株価のトレンドに従えば利益を伸ばすことも損失を回避することも可能

 バブルが継続する限り利益をできるだけ伸ばす、そしてバブル崩壊の可能性が見えたら速やかに保有株を売却する…。この二つを同時に行うことができるのが、株価のトレンドに従った売買なのです。

「バブル継続=上昇トレンド継続」ですから、上昇トレンドが続く限り保有を続ければ、おのずと利益を伸ばせます。そして株価が下落して、下降トレンドに転じたら速やかに売却すれば、その後バブル崩壊で株価急落となっても、すでに売却済みですから何も心配ありません。

 そして、もし株を売却した後、下落せずに再び上昇トレンドに転じたら、株を買い直せばよいのです。

 ところが、多くの個人投資家はこれができていません。逆に、株価が上昇している途中に保有株を売ってしまったり、株価が下がったところを買い向かったりする、いわゆる「逆張り」を行っています。逆張りの怖いところは、そもそも「安い」と思って買っているので、買った後に株価が下がっても「ますます安くなった」と感じ、損切りの売却をしようと思わないことなのです。その結果最終的には多額の含み損を抱えてしまうことになります。

 例えば1月最終週は日本株が大きく下落し、外国人投資家も日本株を売り越しましたが、個人投資家は逆に大きく買い越しています。これは逆張りしている個人投資家が極めて多いことを表しています。

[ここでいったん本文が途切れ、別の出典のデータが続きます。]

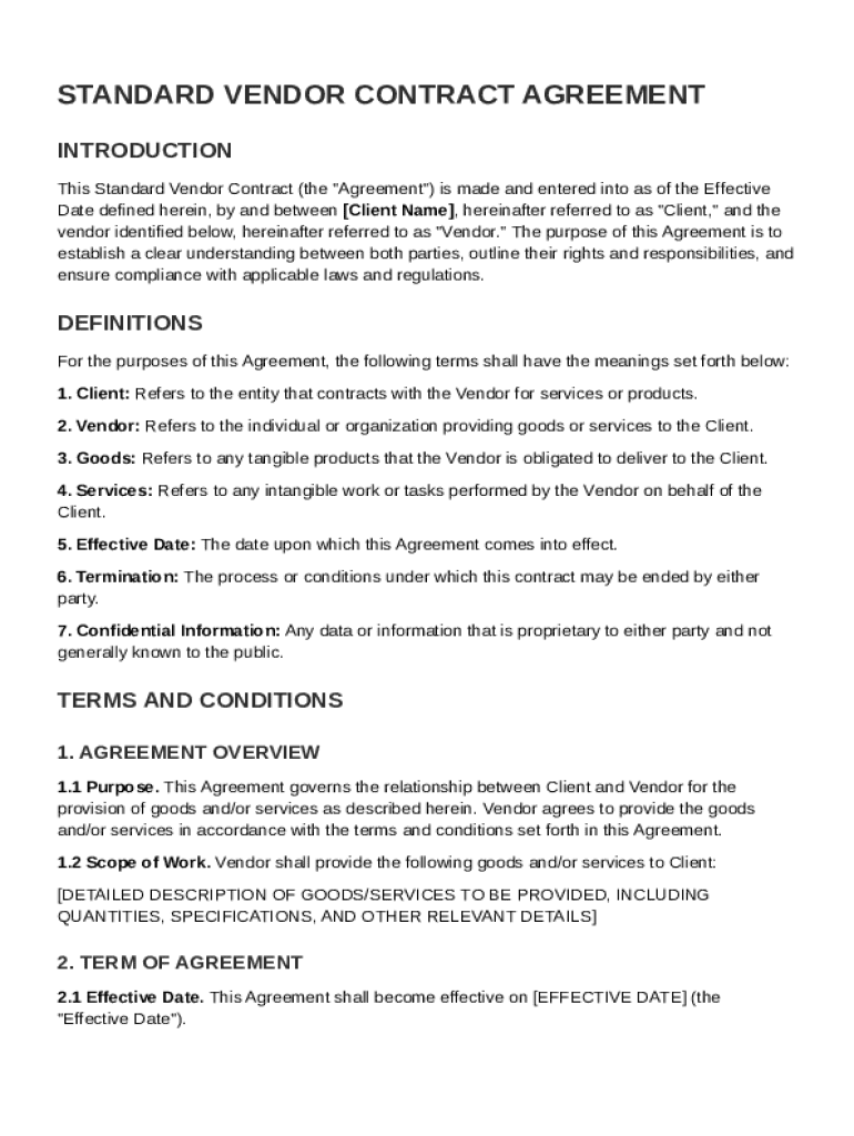 Comprehensive Guide to the Standard Vendor Contract Template Form

 確かに今回はそこから株価が再び上昇に転じましたから、よいタイミングで買えたことになります。でも、もしバブル崩壊ともなれば、株価が少し下がった程度の水準で買い向かえば、そこからの壊滅的な下落で、再起不能なほどのダメージを被りかねないのです。

バブルなのに保有株が上がらないときは?

 バブル相場だからといって、何でもかんでも株価が上昇する、というわけではありません。バブル相場によっては、2000年前後のITバブルのように一部の銘柄だけ大きく買われるようなものもありますし、足元のバブル相場のように、成長株→ハイテク株→景気敏感株→コロナ悪影響株、というように買われる銘柄群が移り変わるものもあります。

 そのため、日経平均株価が上昇しても自分の保有株が上がらない、時には逆行して値下がりしてしまう、ということがよくあります。

 この時の対処法はいくつかありますが、筆者は「上昇トレンドにある銘柄や業種」を見つけ、そちらに乗り換えることが多いです。

 そしてこのためには、できるだけ多くの銘柄の株価チャートを定期的にウオッチしておくことが必要です。

 例えば成長株中心に投資していると、2020年11月以降はかなり厳しいと思いますが、成長株だけしかチャートをチェックしていない、もしくはそもそもチャートをあまり見ないと、「変化」に気づくことができません。今まで強かった成長株が急に弱くなった、ということしか分からないのです。

 でも、成長株だけではなく、ハイテク株、割安株、景気敏感株、コロナ悪影響株など、いろいろな銘柄の株価チャートを毎日ウオッチしていると、間違いなく変化に気づくことができます。直近であれば、成長株が弱い代わりに、景気敏感株やコロナ悪影響株が買われている、と。

 バブルがいつまで続き、いつ終えんするかは誰にも分かりません。だとすれば、難しく考えることは何もないのです。バブルが続いている間はそれに乗り、株価が下がり始めたら売る…といった、簡単かつ単純なルールで行動することが、失敗を避け、成功の可能性を高めることにつながるはずです。